About this exercise —
Output the lines from the one containing "Gingham printed mini" through the last line of the material below, exactly; please do not include pictures.

Records provided —

****************************************

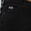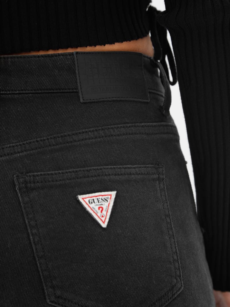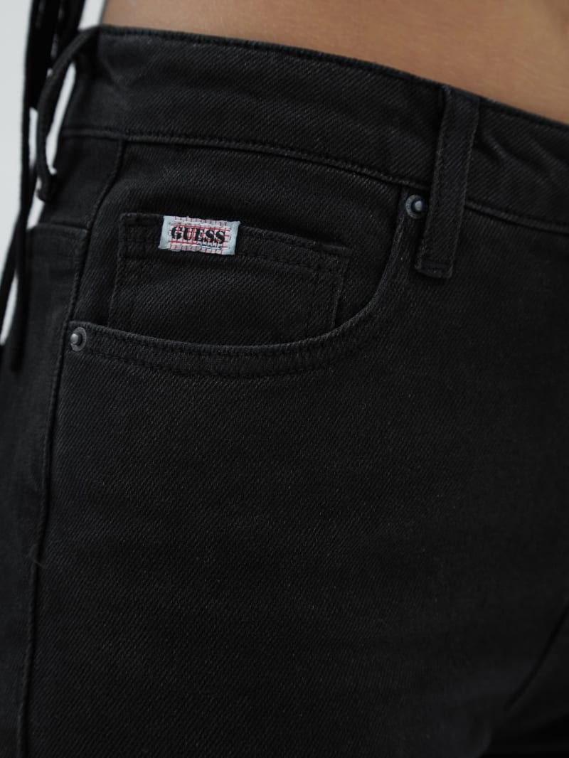 - Black denim with a washed look. Due to the nature of the fabric and wash, each garment has its own unique appearance.
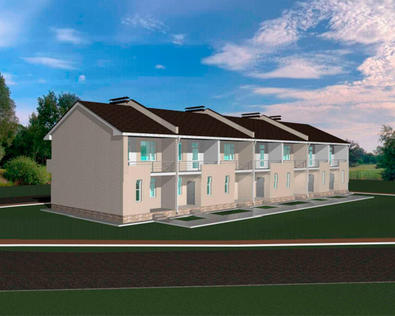 В каждой квартире предусмотрен просторный балкон, на котором можно будет разместить шезлонги для отдыха или поставить столик. На первом этаже квартиры располагаются гостиная и кухня. Комнаты разделены дверью, так что гостиная может выполнять роль гостевой спальни при необходимости. На кухне легко помещаются гарнитур и столовая зона. Каждая квартира рассчитана на 2 спальни на втором этаже: хозяйскую и детскую. Само здание имеет продолговатую форму прямоугольника, так что вы можете разместить его на вытянутом участке.
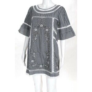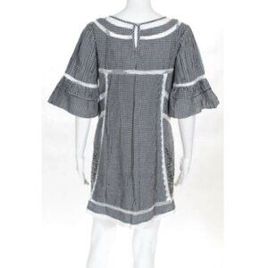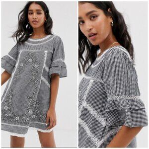 Gingham printed mini dress featured in a shapeless silhouette with fagoting trim and embroidery detailing. Slip included.
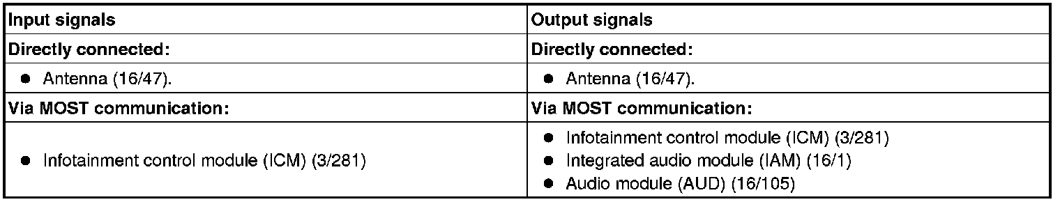 The table below summarizes the input signals to and output signals from the Remote Digital Audio Receiver (RDAR). The signal types are divided into directly connected signals and MOST communication. The illustration below displays the same information with the Volvo component designations.
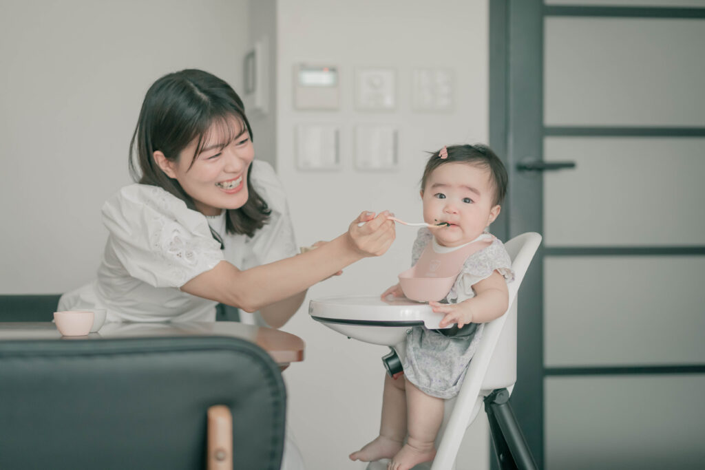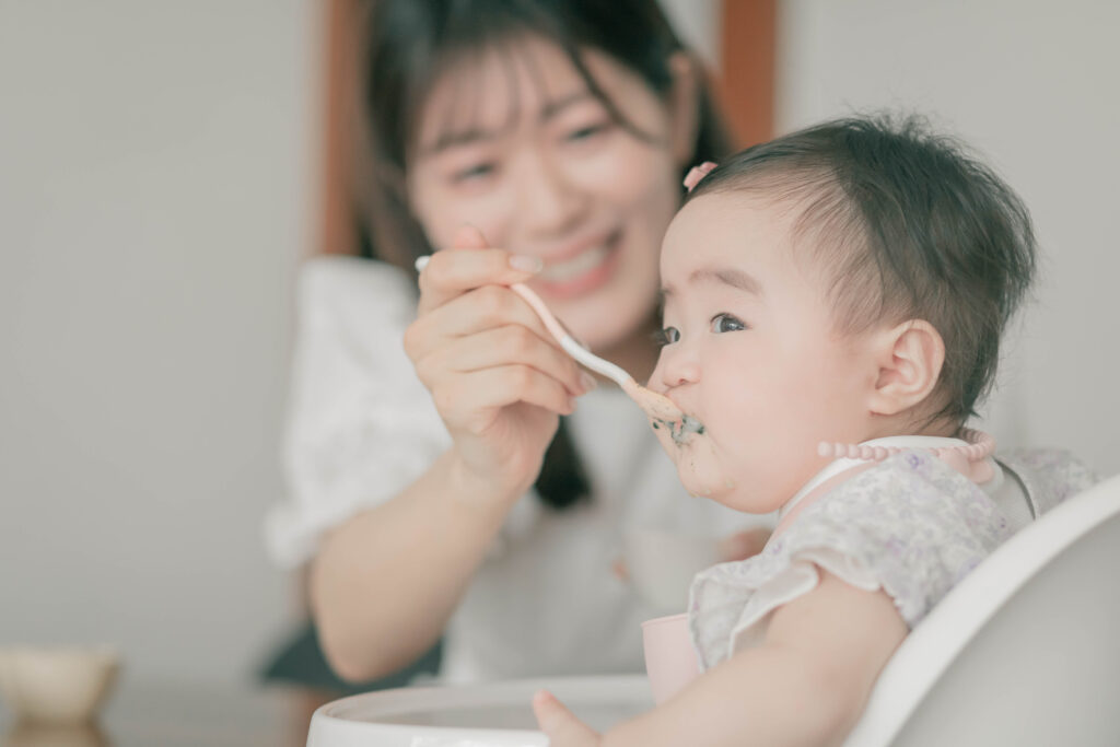 離乳食を口に運ぶこと。

****************************************

Written reply —
 Gingham printed mini dress featured in a shapeless silhouette with fagoting trim and embroidery detailing. Slip included.
 The table below summarizes the input signals to and output signals from the Remote Digital Audio Receiver (RDAR). The signal types are divided into directly connected signals and MOST communication. The illustration below displays the same information with the Volvo component designations.
 離乳食を口に運ぶこと。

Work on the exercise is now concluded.